----- On Oct 27, 2015, at 7:57 PM, Paul Turner commo...@gmail.com wrote:
> From: Paul Turner <p...@google.com>
>
> Recall the general ABI is:
> The kernel ABI generally consists of:
> a) A shared TLS word which exports the current cpu and event-count
> b) A shared TLS word which, when non-zero, stores the first post-commit
> instruction if a sequence is active. (The kernel observing rips
> greater
> than this takes no action and concludes user-space has completed its
> critical section, but not yet cleared this state).

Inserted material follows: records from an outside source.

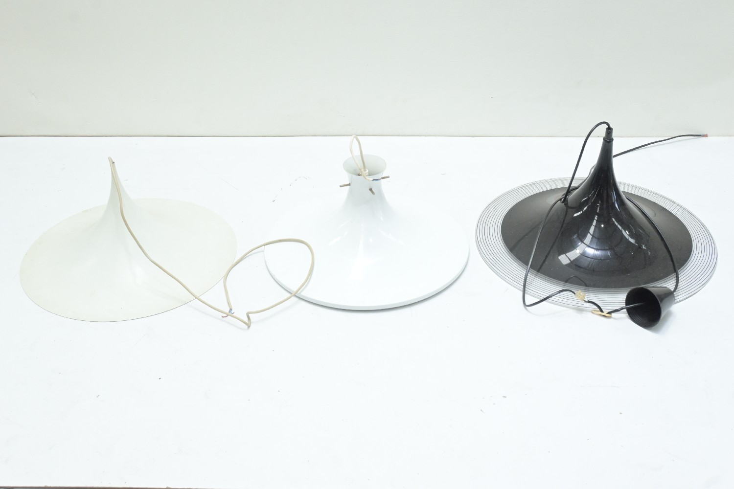 A COLLECTION OF THREE DANISH MID CENTURY PENDANT LIGHTS (LARGEST 33H X 52DIA CM) (LEONARD JOEL DELIVERY SIZE: LARGE)
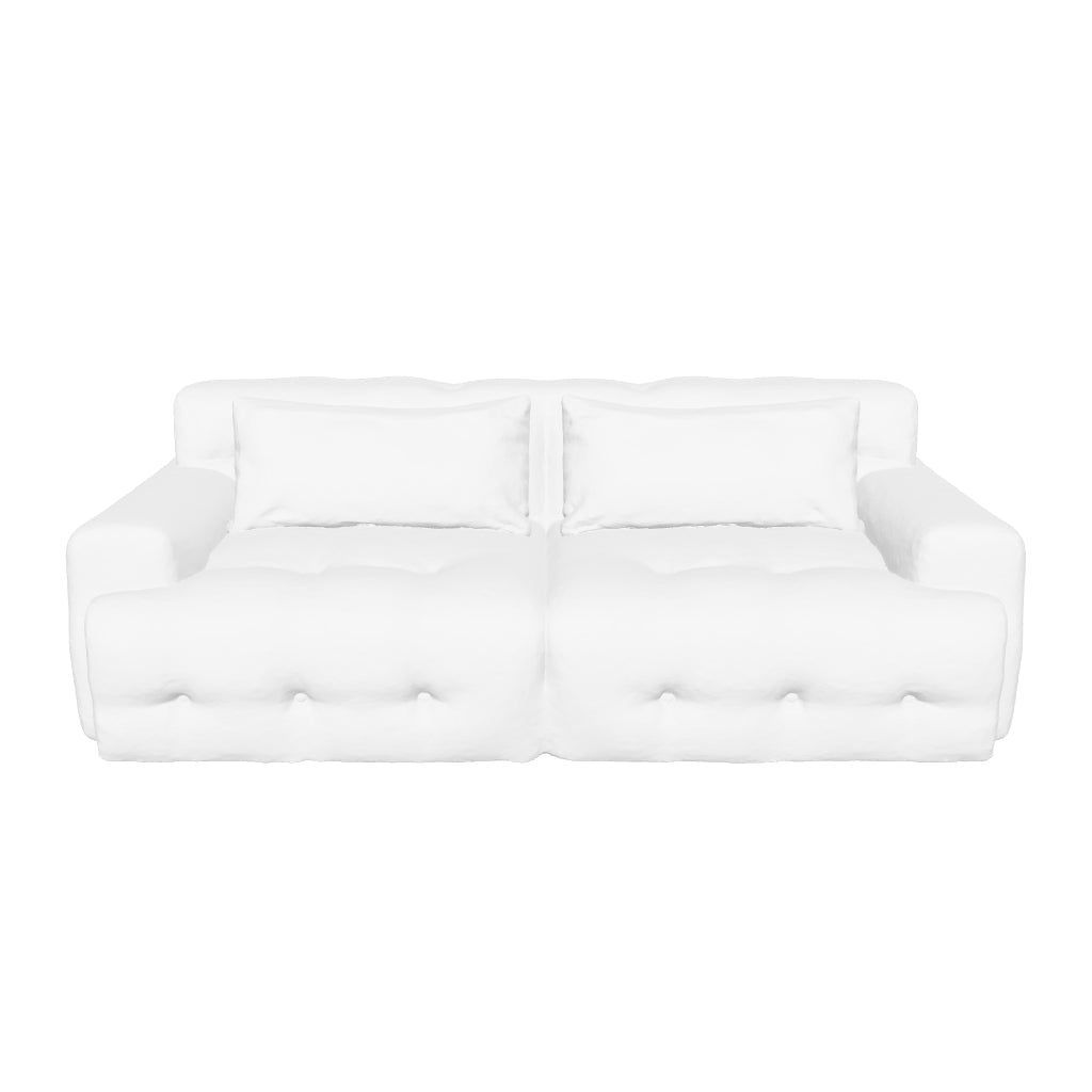 Un sofá “Nube” como su nombre lo indica es un mueble fabricado especialmente para el relax. Este sofá se compone de 2 módulos fusionados, con descansabrazos en sus extremos y está fabricado exclusivamente con una estructura en madera natural y tapizado en un tejido soft, el cual puedes elegir a tu gusto.
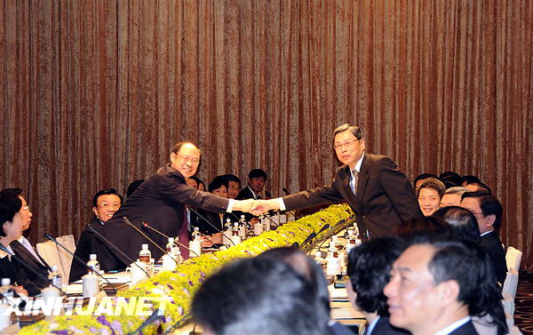 4月18日,海协会与海基会在台北就两会领导人第三次会谈的相关事宜进行预备性磋商。这是海协会常务副会长郑立中(左)与海基会副董事长高孔廉(右)在磋商开始前握手。新华社记者张勇摄
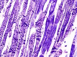 PTAH is ideal for demonstrating striated muscle fibers and mitochondria, often without a counterstain. As such, it is used to identify contraction bands, as seen in contraction band necrosis.[1]

> c) An architecture specific way to publish the state read from (a) which
> user-space believes to be current.
>
> This patch defines (c) for x86, both x86_64 and i386.
It seems to also take care of signal handler restarts (should be
documented in the changelog).
>
> The exact sequence is:
> *0. Userspace stores current event+cpu counter values
> 1. Userspace loads the rip to move to at failure into cx
> 2. Userspace loads the rip of the instruction following
> the critical section into a registered TLS address.
> 3. Userspace loads the values read at [0] into a known
> location.
> 4. Userspace tests to see whether the current event and
> cpu counter values match those stored at 0. Manually
> jumping to the address from [1] in the case of a
> mismatch.
>
> Note that if we are preempted or otherwise interrupted
> then the kernel can also now perform this comparison
> and conditionally jump us to [1].
> 4. Our final instruction bfeore [2] is then our commit.
bfeore -> before
> The critical section is self-terminating. [2] must
> also be cleared at this point.
^ see comments for patch 0/3 for this repeated description.
>
> For x86_64:
> [3] uses rdx to represent cpu and event counter as a
> single 64-bit value.
>
> For i386:
> [3] uses ax for cpu and dx for the event_counter.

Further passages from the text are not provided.